A crate for creating types that match regular expressions at compile time. Regex-implementing types can be created with the regex! macro.

This crate was heavily inspired by ctreg, which provides named, infallible capture groups and syntax error checking at compile time.

I’m yet to do a complexity analysis on this crate, but it should generally have time complexity O(n*m) where n and m are the length of the pattern and haystack, the same as most regex crates.

§Approach

How does this crate differ from the many other regex crates on crates.io?

The answer is in the name: it creates types that match regular expressions at compile time, as opposed to runtime like most other implementations.
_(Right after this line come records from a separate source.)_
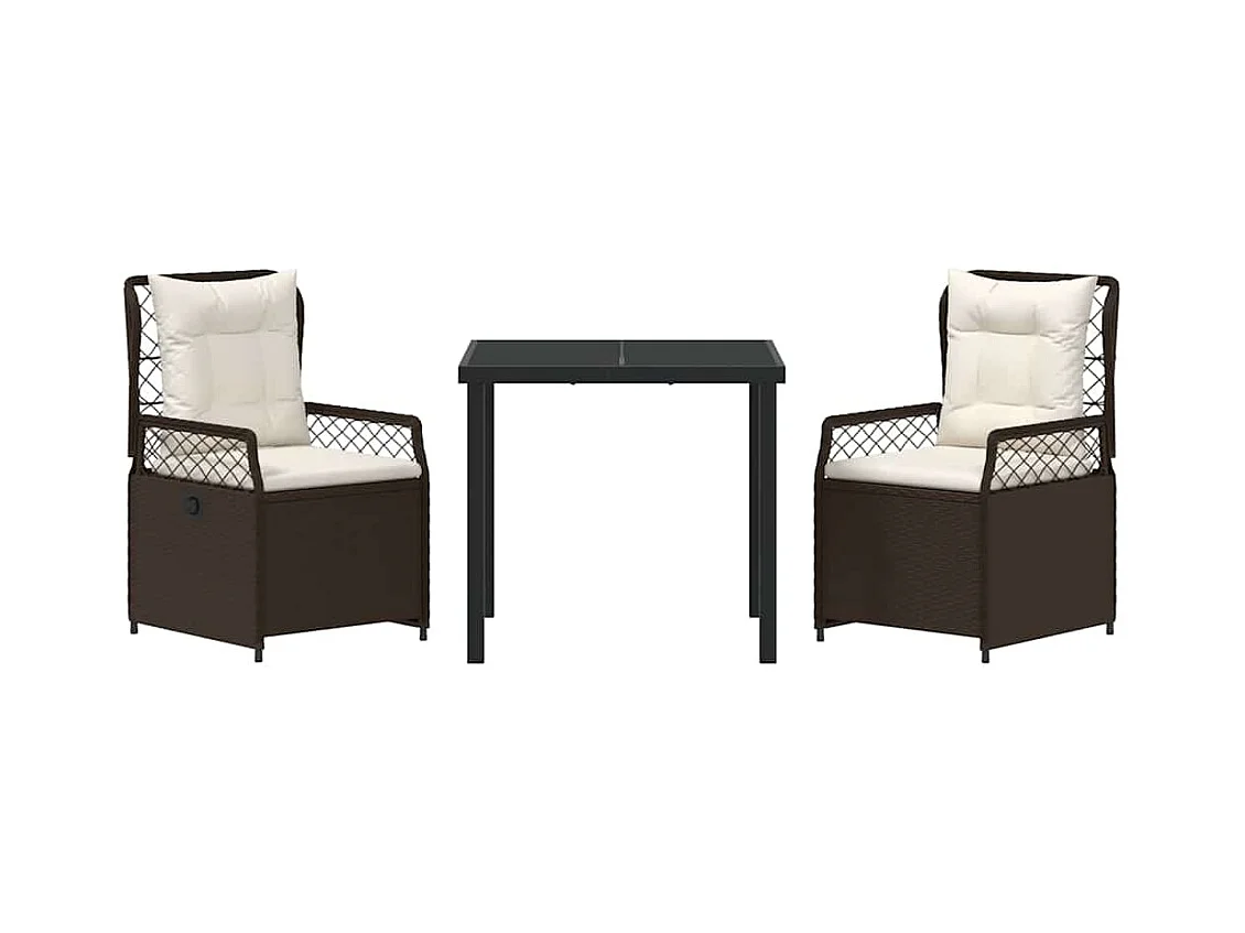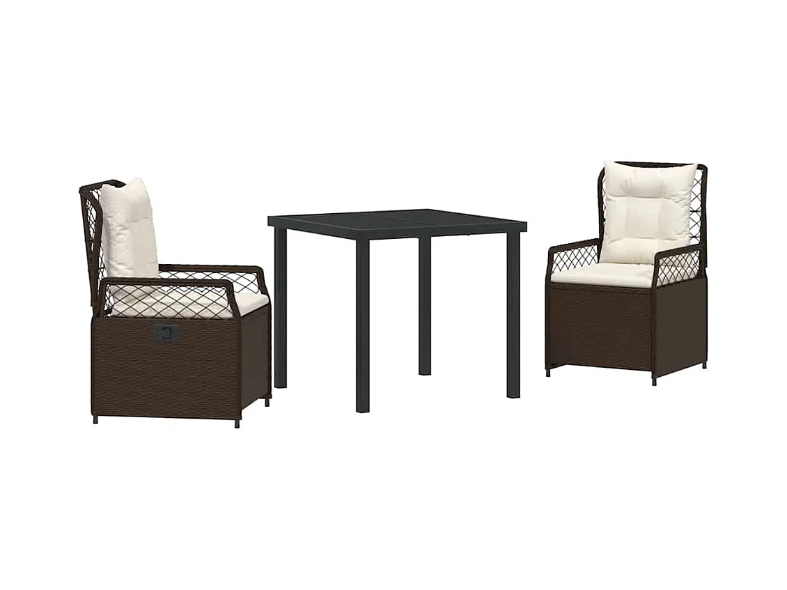 Ensemble de Salle à Manger de Jardin 3 pièces avec coussins en poly rattan marron
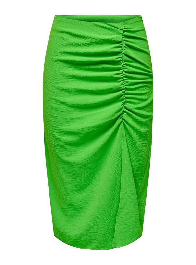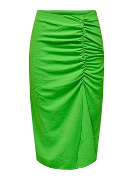 Saia Only. Modelo Meta. Cor verde. High rise. Abertura lateral. Comprimento midi Detalhe franzido no quadril.
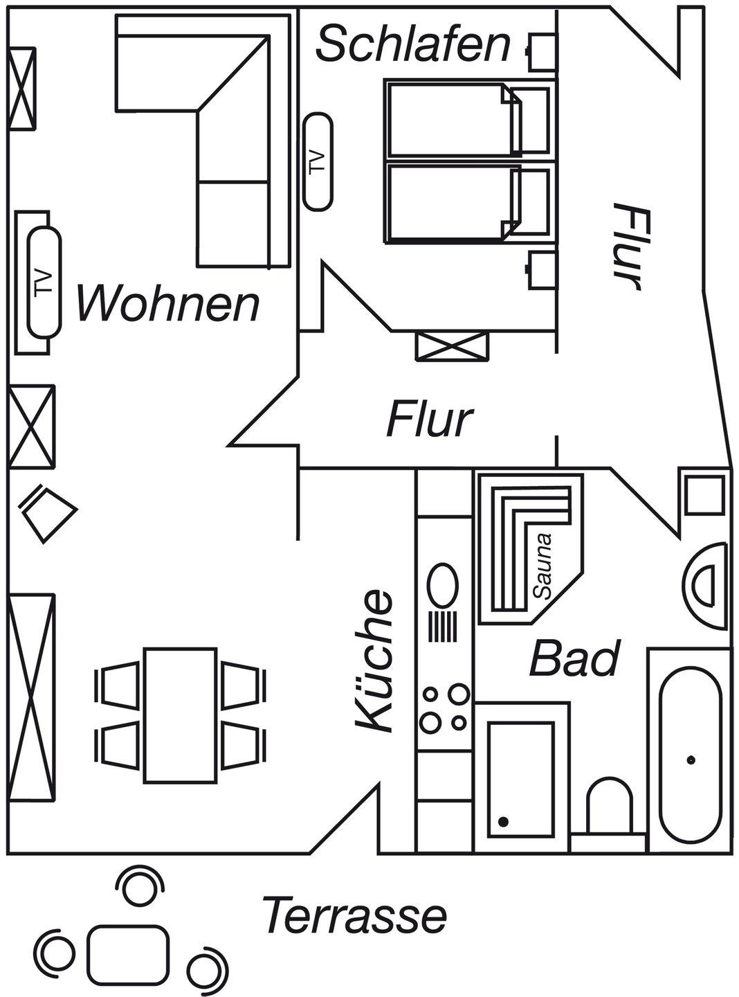 Dieses modern eingerichtete 2-Zimmer-Apartment im Erdgeschoss bietet auf ca. 67 m² alles für einen komfortablen Aufenthalt. Die ruhige Lage sorgt für Erholung, und die nahe Busanbindung ermöglicht bequeme Ausflüge in die Umgebung. Entspannen Sie im gemütlichen Wohnzimmer oder auf der möblierten Terrasse. Das Apartment verfügt über ein Schlafzimmer mit Doppelbett und TV sowie eine hochwertige Einbauküche mit separatem Essbereich. Das Duschbad mit walk-in Regenwaldusche und Infrarotkabine bietet zusätzlichen Komfort. Ein abschließbarer Fahrradunterstand und ein PKW-Außenstellplatz stehen Ihnen auf dem Grundstück zur Verfügung.
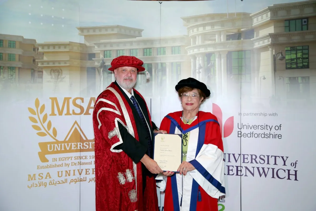 خلال تكريم د.نوال الدجوي من إدارة مستشفى «الناس»... (حساب جامعة «MSA» على «فيسبوك»)
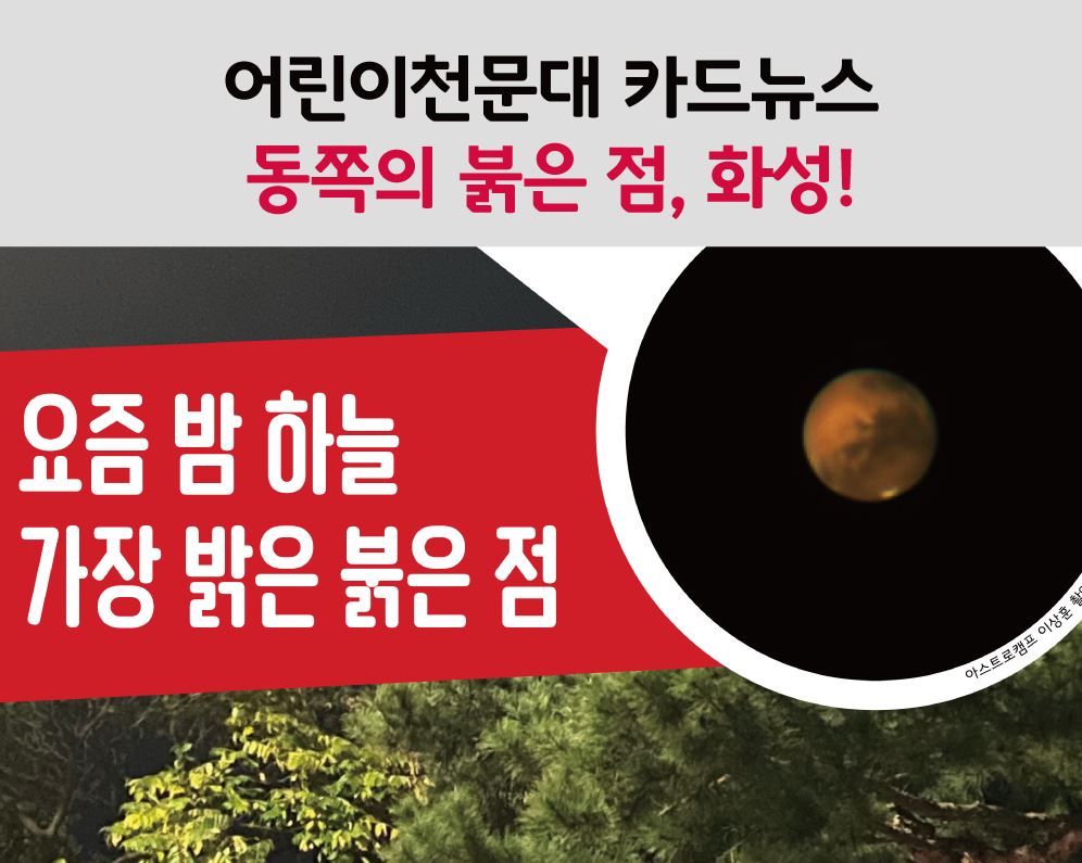 | 파일 | 어린이천문대 카드뉴스 _ 동쪽의 붉은 점, 화성.JPG(108.1K) | ||||

  1. As with most crates, this one starts by parsing the provided expressions using the regex_syntax crate, producing an abstract syntax tree before translating and optimising into a high-level intermedite representation (HIR).

  2. Rather than using NFAs or DFAs, the macro converts the HIR into a Rust type expression, made of Matcher components that describe the various actions needed to match / capture a regular expression. An simple example of this generated type expression can be seen at demo::Email::Pattern.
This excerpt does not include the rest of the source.